** ASSIGNMENT **
Take the data below and copy exactly the lines starting at the one with "El precio mediano" and finishing at the one with "Марк Аврелий (121-180)", both included.

** PROVIDED ENTRIES **
··········
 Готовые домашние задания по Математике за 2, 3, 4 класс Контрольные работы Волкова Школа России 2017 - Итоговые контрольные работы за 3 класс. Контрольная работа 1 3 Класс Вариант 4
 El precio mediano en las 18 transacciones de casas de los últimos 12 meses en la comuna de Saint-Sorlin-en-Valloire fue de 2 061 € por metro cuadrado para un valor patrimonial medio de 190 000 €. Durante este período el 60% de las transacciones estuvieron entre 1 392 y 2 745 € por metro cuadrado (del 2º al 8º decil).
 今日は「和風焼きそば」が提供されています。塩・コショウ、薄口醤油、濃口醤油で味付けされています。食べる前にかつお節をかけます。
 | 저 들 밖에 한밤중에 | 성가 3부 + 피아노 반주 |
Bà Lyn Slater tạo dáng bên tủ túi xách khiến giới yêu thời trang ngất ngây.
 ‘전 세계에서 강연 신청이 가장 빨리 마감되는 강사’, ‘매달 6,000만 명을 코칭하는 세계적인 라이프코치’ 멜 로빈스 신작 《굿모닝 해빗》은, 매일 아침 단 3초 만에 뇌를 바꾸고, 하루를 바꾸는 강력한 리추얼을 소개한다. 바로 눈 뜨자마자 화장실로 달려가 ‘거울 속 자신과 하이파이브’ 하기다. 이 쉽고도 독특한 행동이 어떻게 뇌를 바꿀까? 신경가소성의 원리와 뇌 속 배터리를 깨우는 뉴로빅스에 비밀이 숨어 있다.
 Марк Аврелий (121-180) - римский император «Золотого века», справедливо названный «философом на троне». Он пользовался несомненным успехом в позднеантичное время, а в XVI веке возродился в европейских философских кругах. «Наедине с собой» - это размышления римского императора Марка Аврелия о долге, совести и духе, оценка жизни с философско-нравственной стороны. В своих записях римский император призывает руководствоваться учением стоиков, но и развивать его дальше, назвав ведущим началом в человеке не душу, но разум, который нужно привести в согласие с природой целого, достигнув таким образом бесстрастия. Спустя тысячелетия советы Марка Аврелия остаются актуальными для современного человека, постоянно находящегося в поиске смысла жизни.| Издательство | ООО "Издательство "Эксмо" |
··········
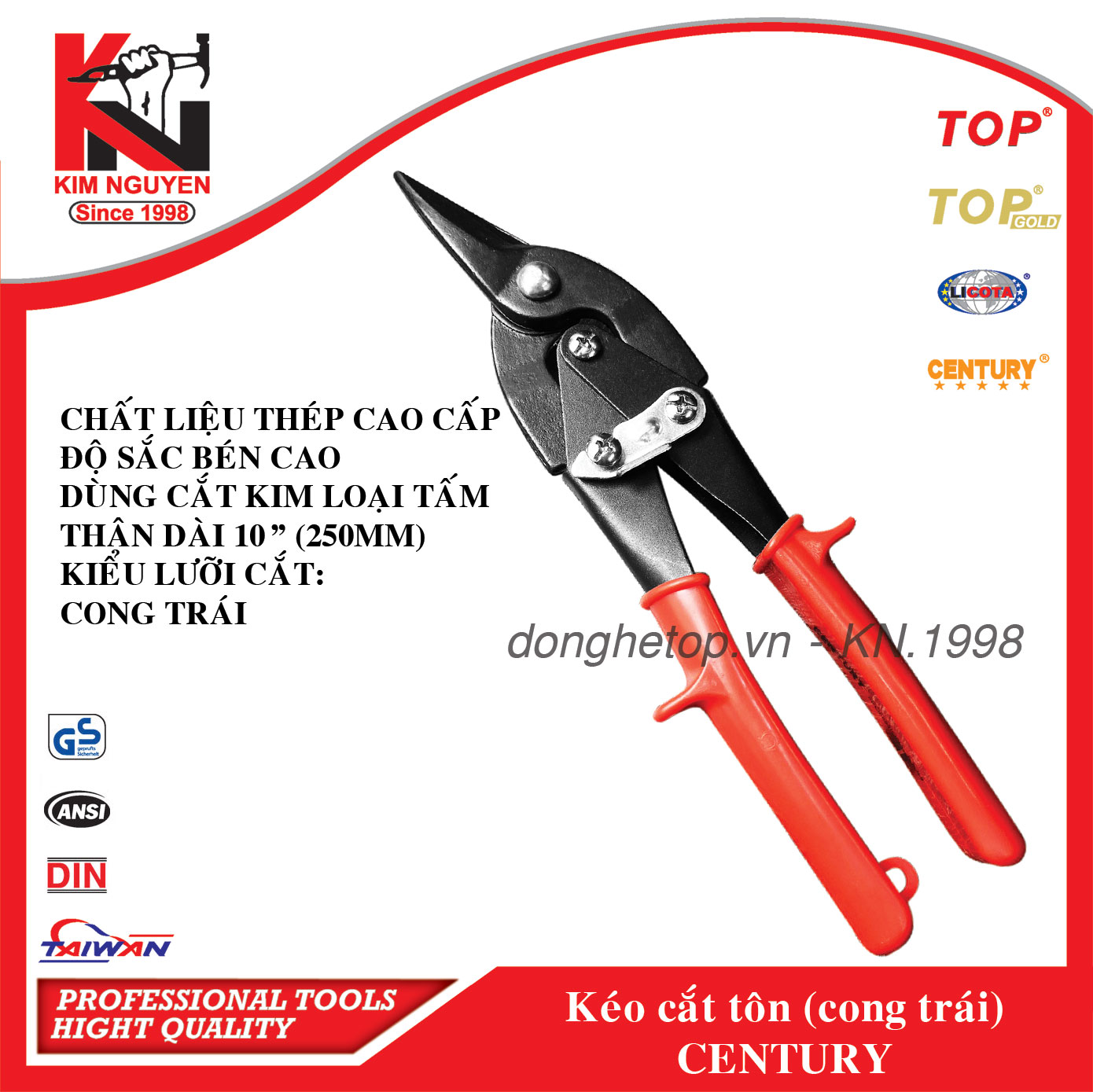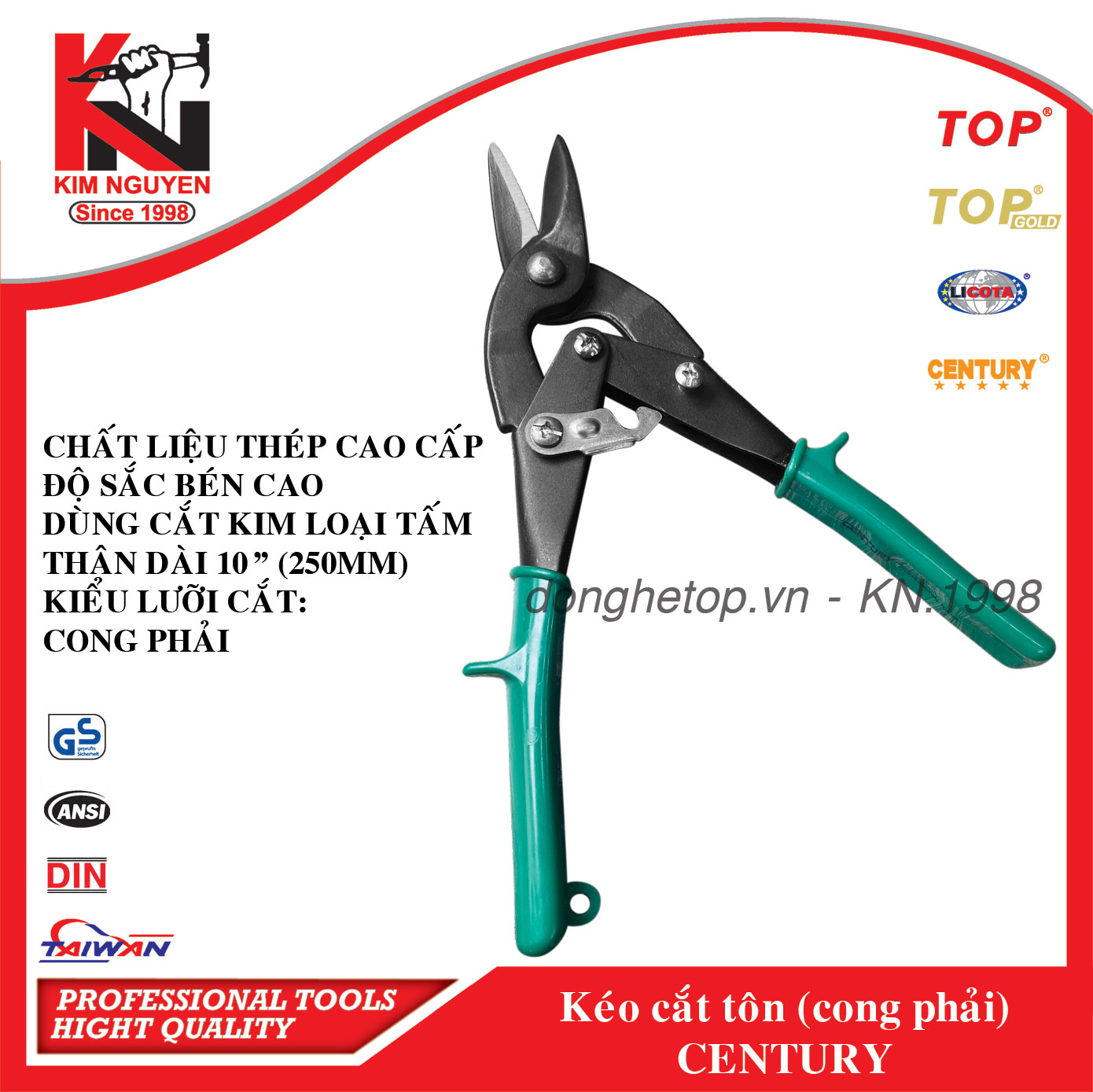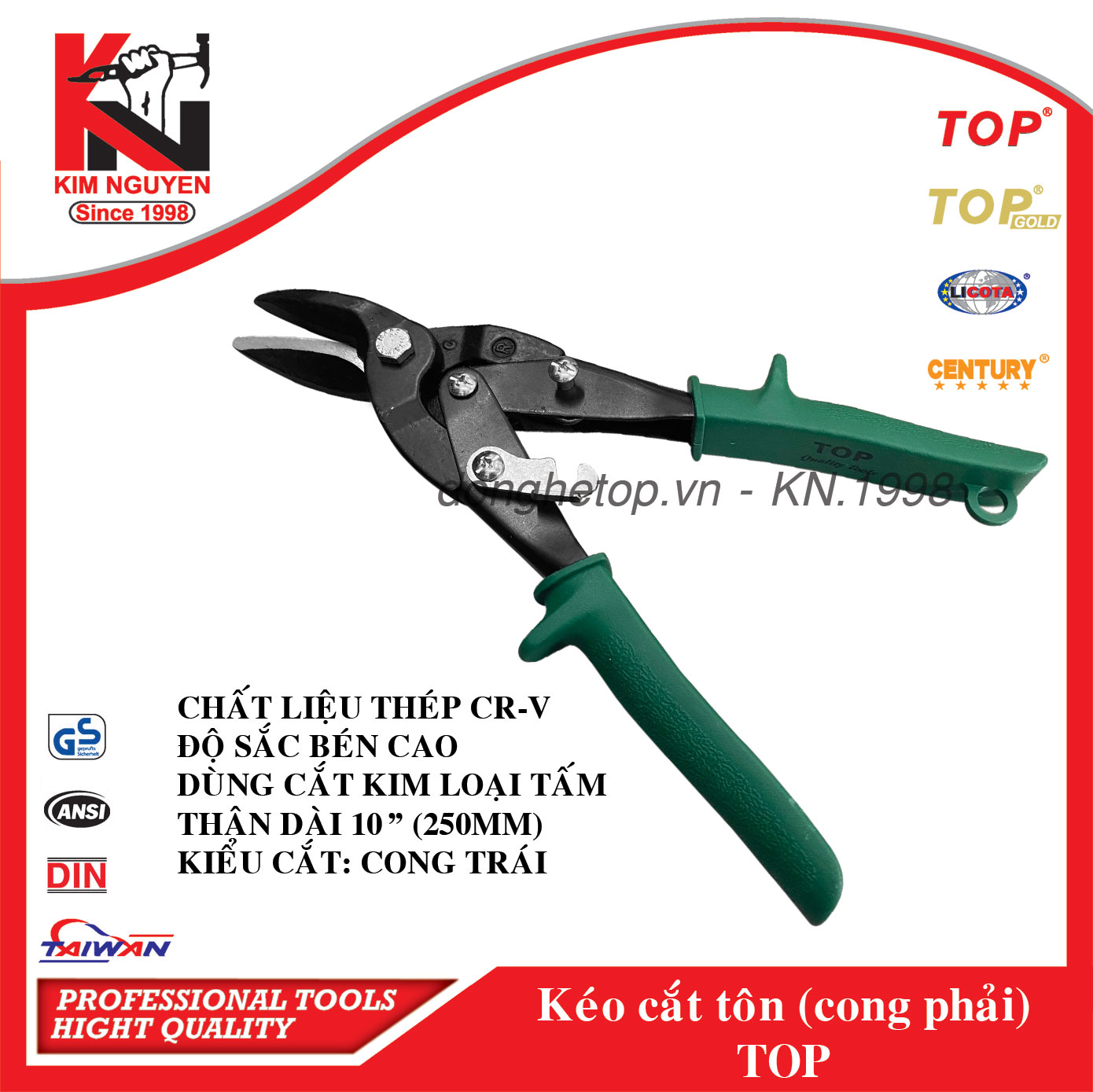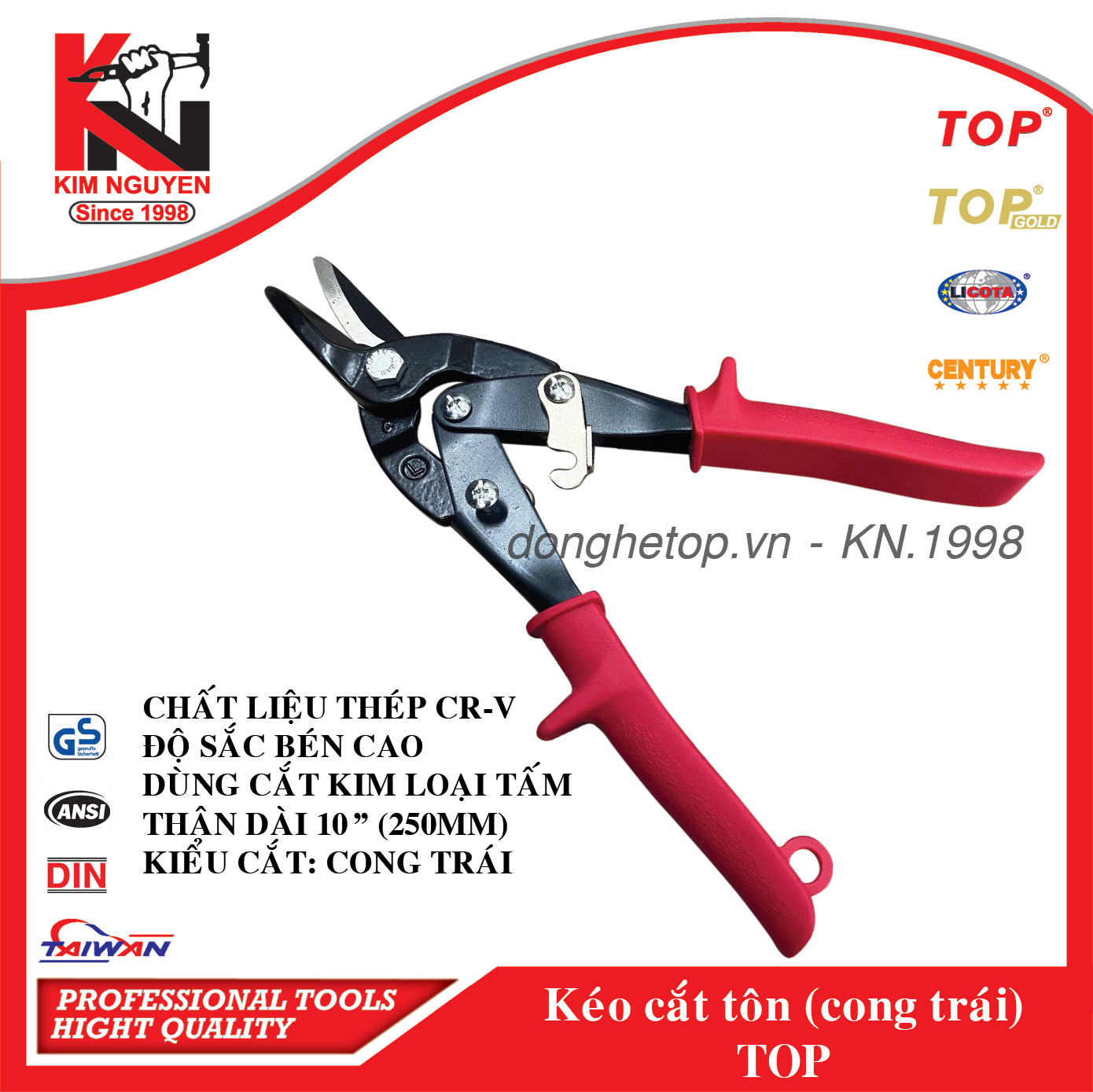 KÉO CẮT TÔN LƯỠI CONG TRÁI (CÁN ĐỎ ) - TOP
··········
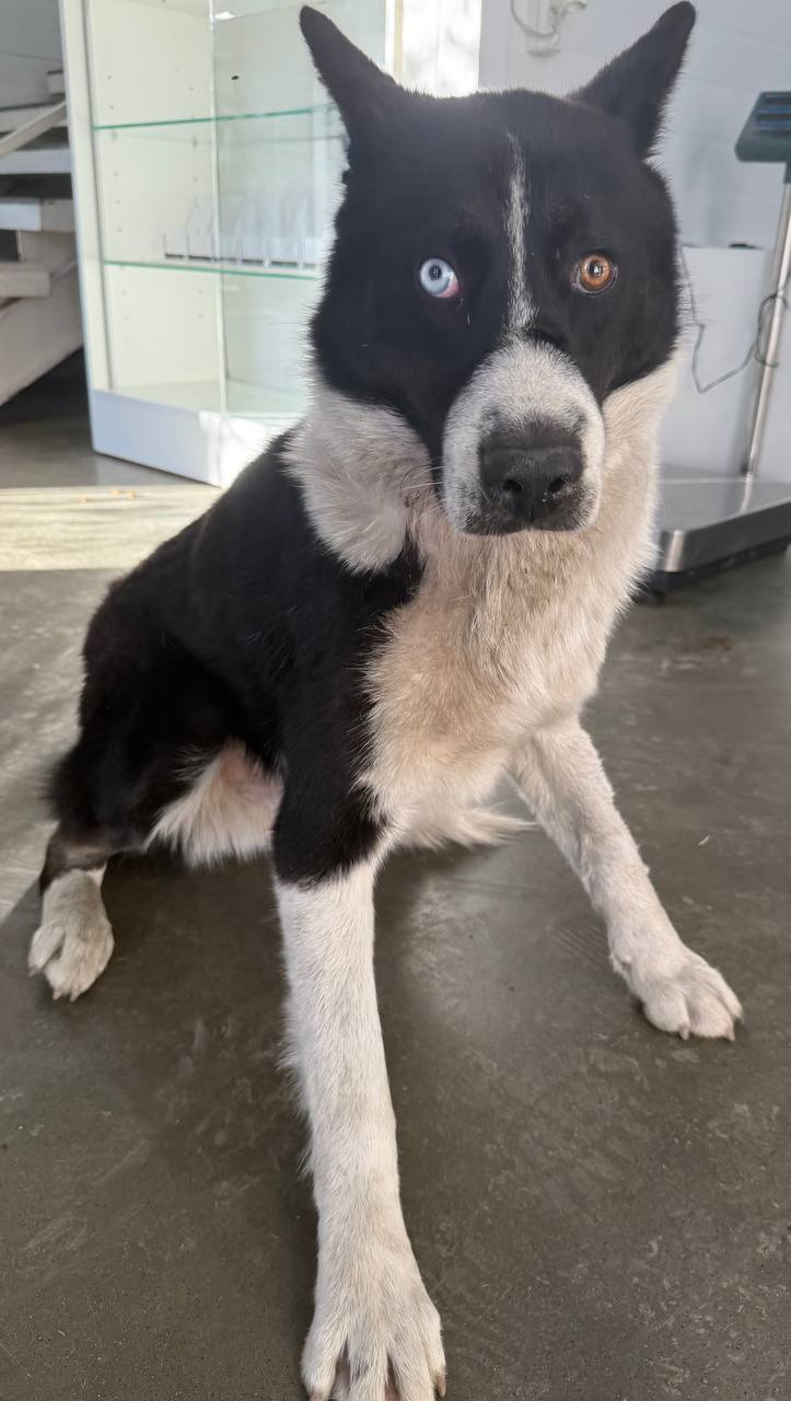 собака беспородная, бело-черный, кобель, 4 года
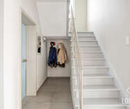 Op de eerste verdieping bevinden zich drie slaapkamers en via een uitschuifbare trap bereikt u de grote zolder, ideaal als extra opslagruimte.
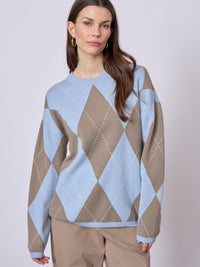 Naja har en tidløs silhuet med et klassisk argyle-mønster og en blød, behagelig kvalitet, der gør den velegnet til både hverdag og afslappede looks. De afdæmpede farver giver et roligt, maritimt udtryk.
··········
** YOUR SOLUTION **
 El precio mediano en las 18 transacciones de casas de los últimos 12 meses en la comuna de Saint-Sorlin-en-Valloire fue de 2 061 € por metro cuadrado para un valor patrimonial medio de 190 000 €. Durante este período el 60% de las transacciones estuvieron entre 1 392 y 2 745 € por metro cuadrado (del 2º al 8º decil).
 今日は「和風焼きそば」が提供されています。塩・コショウ、薄口醤油、濃口醤油で味付けされています。食べる前にかつお節をかけます。
 | 저 들 밖에 한밤중에 | 성가 3부 + 피아노 반주 |
Bà Lyn Slater tạo dáng bên tủ túi xách khiến giới yêu thời trang ngất ngây.
 ‘전 세계에서 강연 신청이 가장 빨리 마감되는 강사’, ‘매달 6,000만 명을 코칭하는 세계적인 라이프코치’ 멜 로빈스 신작 《굿모닝 해빗》은, 매일 아침 단 3초 만에 뇌를 바꾸고, 하루를 바꾸는 강력한 리추얼을 소개한다. 바로 눈 뜨자마자 화장실로 달려가 ‘거울 속 자신과 하이파이브’ 하기다. 이 쉽고도 독특한 행동이 어떻게 뇌를 바꿀까? 신경가소성의 원리와 뇌 속 배터리를 깨우는 뉴로빅스에 비밀이 숨어 있다.
 Марк Аврелий (121-180) - римский император «Золотого века», справедливо названный «философом на троне». Он пользовался несомненным успехом в позднеантичное время, а в XVI веке возродился в европейских философских кругах. «Наедине с собой» - это размышления римского императора Марка Аврелия о долге, совести и духе, оценка жизни с философско-нравственной стороны. В своих записях римский император призывает руководствоваться учением стоиков, но и развивать его дальше, назвав ведущим началом в человеке не душу, но разум, который нужно привести в согласие с природой целого, достигнув таким образом бесстрастия. Спустя тысячелетия советы Марка Аврелия остаются актуальными для современного человека, постоянно находящегося в поиске смысла жизни.| Издательство | ООО "Издательство "Эксмо" |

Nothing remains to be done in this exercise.